The Cornwall Alliance, in cooperation with our parent non-profit The James Partnership, produced a series of 23 lectures on the Ten Commandments. How do those relate to our usual focus on environment and development? Lots of ways. This is the first in a series of brief posts exploring some of them.
“You shall have no other gods before Me.”—The First Commandment
“The heavens declare the glory of God,” says Psalm 19:1, and He will not share His glory with any other (Isaiah 42:8).
This is important to both environmental stewardship and economic development.
For economic development, it reminds us not to make a god out of money or standard of living. “For what will it profit a man if he gains the whole world and forfeits his life?” (Matthew 16:26) At the same time, it reminds us that God promises blessing, including generally (though not always—He has His reasons for making exceptions) economic blessing, to those who obey His commands:
Blessed is the man who walks not in the counsel of the wicked, nor stands in the way of sinners, nor sits in the seat of scoffers; but his delight is in the law of the Lord, and on his law he meditates day and night. He is like a tree planted by streams of water that yields its fruit in its season, and its leaf does not wither. In all that he does, he prospers. (Psalm 1:1–3)

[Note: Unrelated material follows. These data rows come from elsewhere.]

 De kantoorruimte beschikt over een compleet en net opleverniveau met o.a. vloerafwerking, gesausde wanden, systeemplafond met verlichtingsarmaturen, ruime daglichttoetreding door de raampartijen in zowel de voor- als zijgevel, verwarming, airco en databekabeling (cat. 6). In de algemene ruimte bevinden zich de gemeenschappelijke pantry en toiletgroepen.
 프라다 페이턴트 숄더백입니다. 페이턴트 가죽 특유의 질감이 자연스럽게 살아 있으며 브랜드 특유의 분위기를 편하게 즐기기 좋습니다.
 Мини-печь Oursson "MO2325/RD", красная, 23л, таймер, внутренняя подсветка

For environmental stewardship, it reminds us not to put the creation in the place of the Creator. Some environmentalists do that. Some, pantheists or panentheists, do it explicitly, worshiping Earth (often by the name of the Greek goddess Gaia). Others, materialists who assert that only matter and energy are real, do it implicitly, since the implication of their worldview is that the material world, which we Christians understand as the creation, is ultimate, not the Creator.

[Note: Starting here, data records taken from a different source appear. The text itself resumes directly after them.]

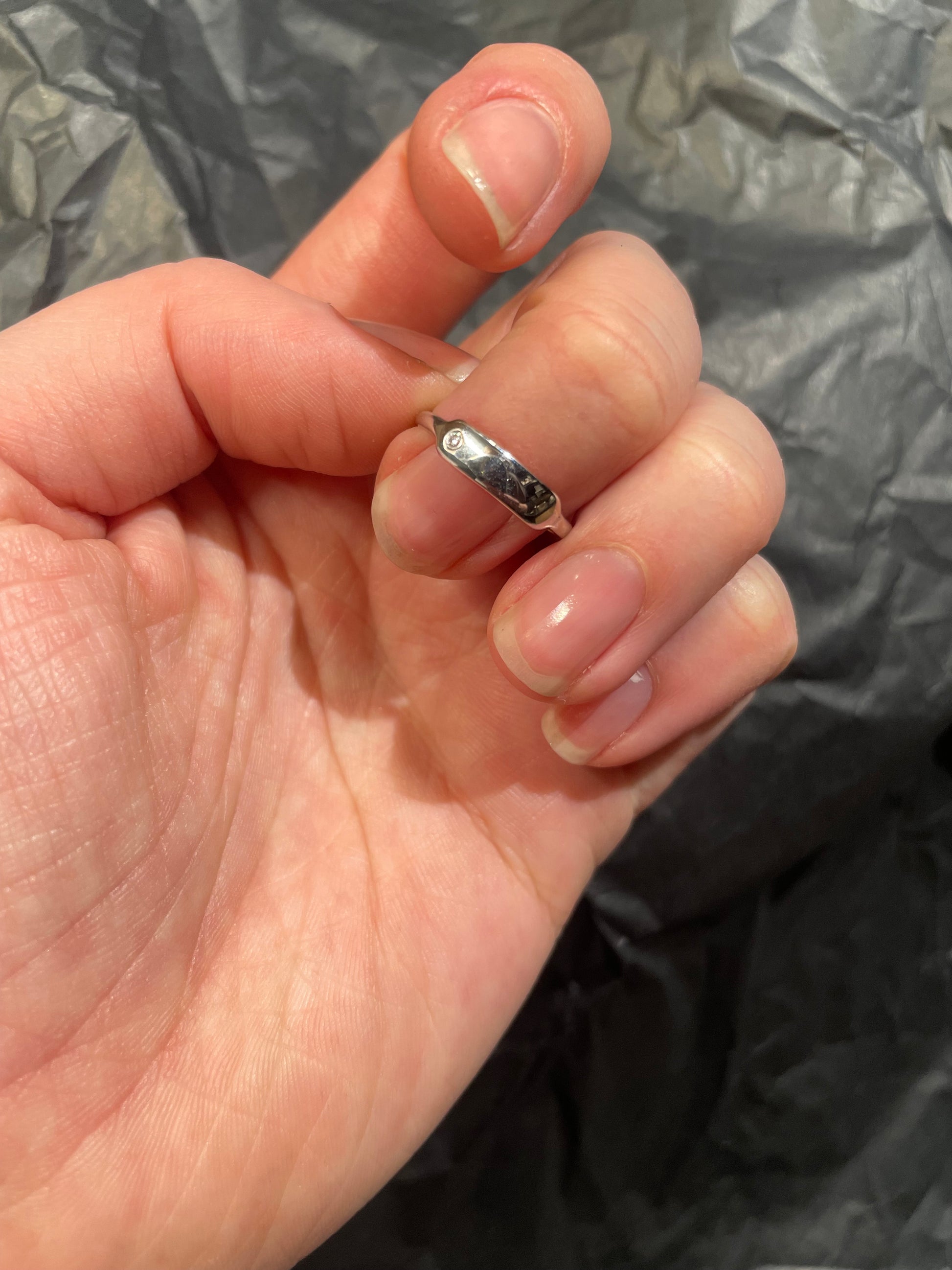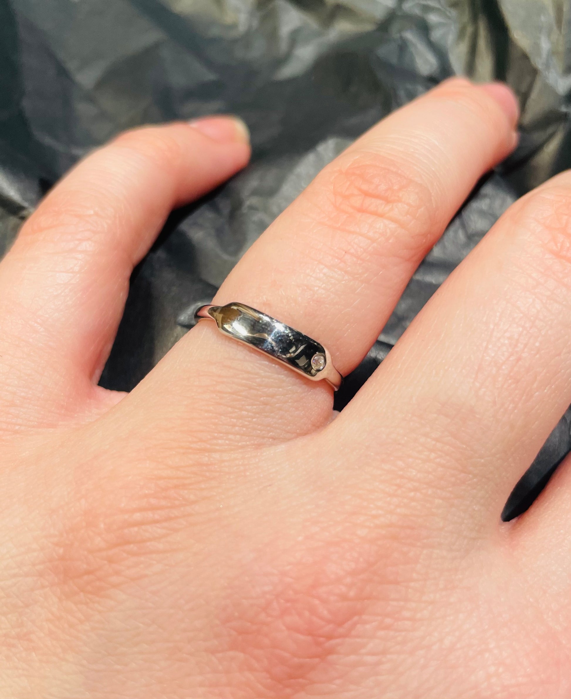 Flat silver signet ring with a cubic zirconia stone. Size 51
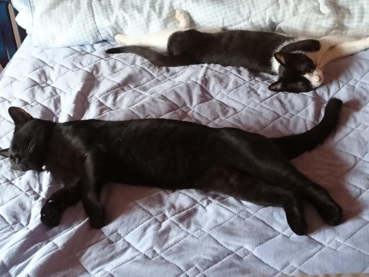 今年の夏は、暑すぎて流行りのクールなシーツで爆睡中の風と黒猫ヤマト君です。
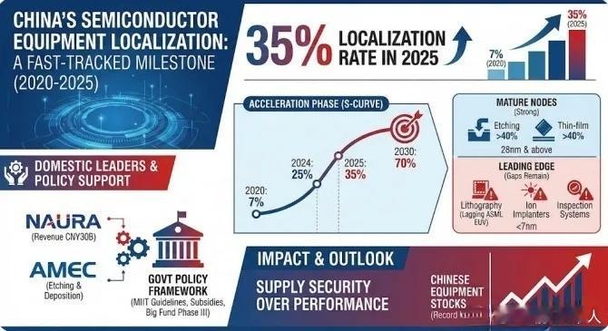 韩国媒体:中国半导体设备自给率超过35%!韩国商业邮报报道 :尽管美国实施了严格的出口管制,中国半导体设备的国产化率已超过35% ,标志着中国迈向技术自主化的一个转折点。这一成就提前实现了中国政府最初设定的30%的目标,体现了“制裁悖论” :美国的制裁实际上促进了中国半导体生态系统的自主发展。从2020年开始的7%,五年提升五倍到35%。按媒体曝光,去年底已经达到50%。也就是说2026年应该在50%以上,这绝对是好消息。比预期要快。如果2027我们解决光刻机的话,大概国产率会达到90%以上,卡脖子成为历史了。
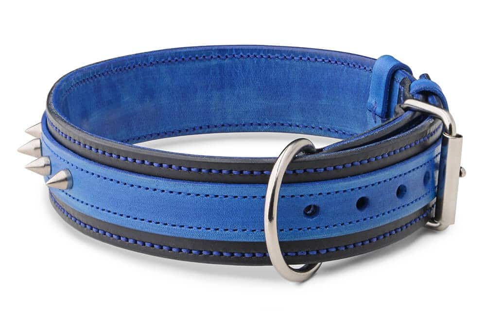 Dvoubarevný ručně vyrobený obojek, který je vhodný pro veškerá střední a velká psí plemena, nejen pro psy bull nebo bojová plemena. Osazené ostny jsou nejen efektním doplňkem, ale slouží i pro ochranu psa. V základu obojku s hroty obojku použita sedlářská niklová přezka s rolnou. Obojek je vhodný pro střední nebo velké psy, stačí jen nastavit vhodné parametry
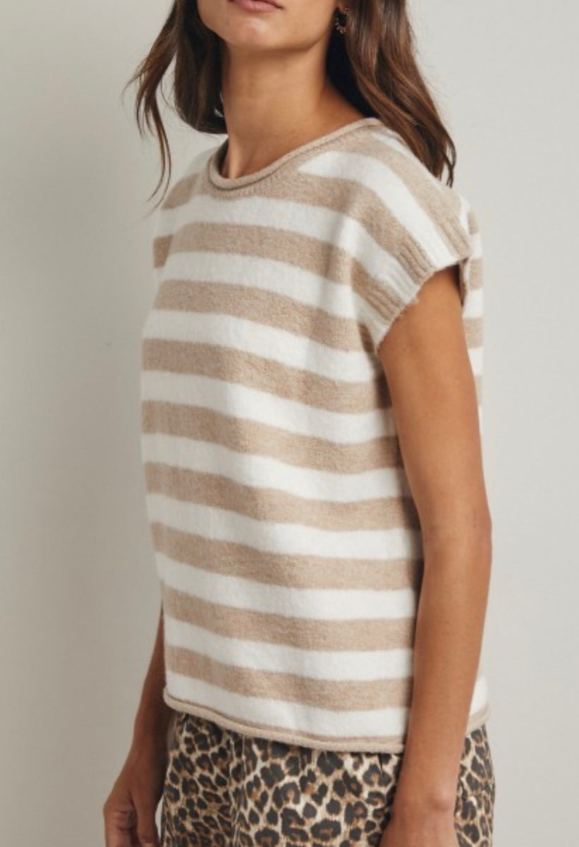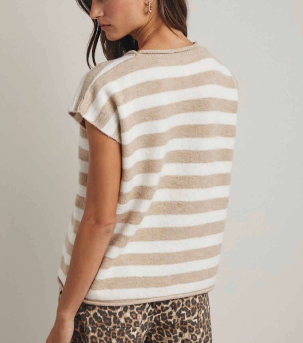 Elevate your wardrobe with the 12109 sweater, featuring a stylish ivory and tan stripe design. Perfect for layering, this cozy piece offers both comfort and a chic look, making it a versatile choice for any occasion.

Getting mixed up on the First Commandment always leads to foolishness, as the Apostle Paul wrote in Romans 1:18–25:
For the wrath of God is revealed from heaven against all ungodliness and unrighteousness of men, who by their unrighteousness suppress the truth. For what can be known about God is plain to them, because God has shown it to them. For his invisible attributes, namely, his eternal power and divine nature, have been clearly perceived, ever since the creation of the world, in the things that have been made. So they are without excuse. For although they knew God, they did not honor him as God or give thanks to him, but they became futile in their thinking, and their foolish hearts were darkened. Claiming to be wise, they became fools, and exchanged the glory of the immortal God for images resembling mortal man and birds and animals and reptiles. Therefore God gave them up in the lusts of their hearts to impurity, to the dishonoring of their bodies among themselves, because they exchanged the truth about God for a lie and worshiped and served the creature rather than the Creator, who is blessed forever!
Mistaking the creation for the Creator has serious consequences. As the Indian Christian philosopher and Cornwall Alliance Senior Fellow Dr. Vishal Mangalwadi pointed out in his lecture for our Resisting the Green Dragon series, those who deify the creation tend to become subservient to it. That turns upside down the relationship between man and the rest of the creation that is implicit in Genesis 1:28, where, having created man and woman in His image, God blessed them and said to them, “Be fruitful and multiply and fill the earth and subdue it and have dominion over the fish of the sea and over the birds of the heavens and over every living thing that moves on the earth.”
The role of the heavens and the earth is not to be worshiped themselves but to incite worship of their Creator.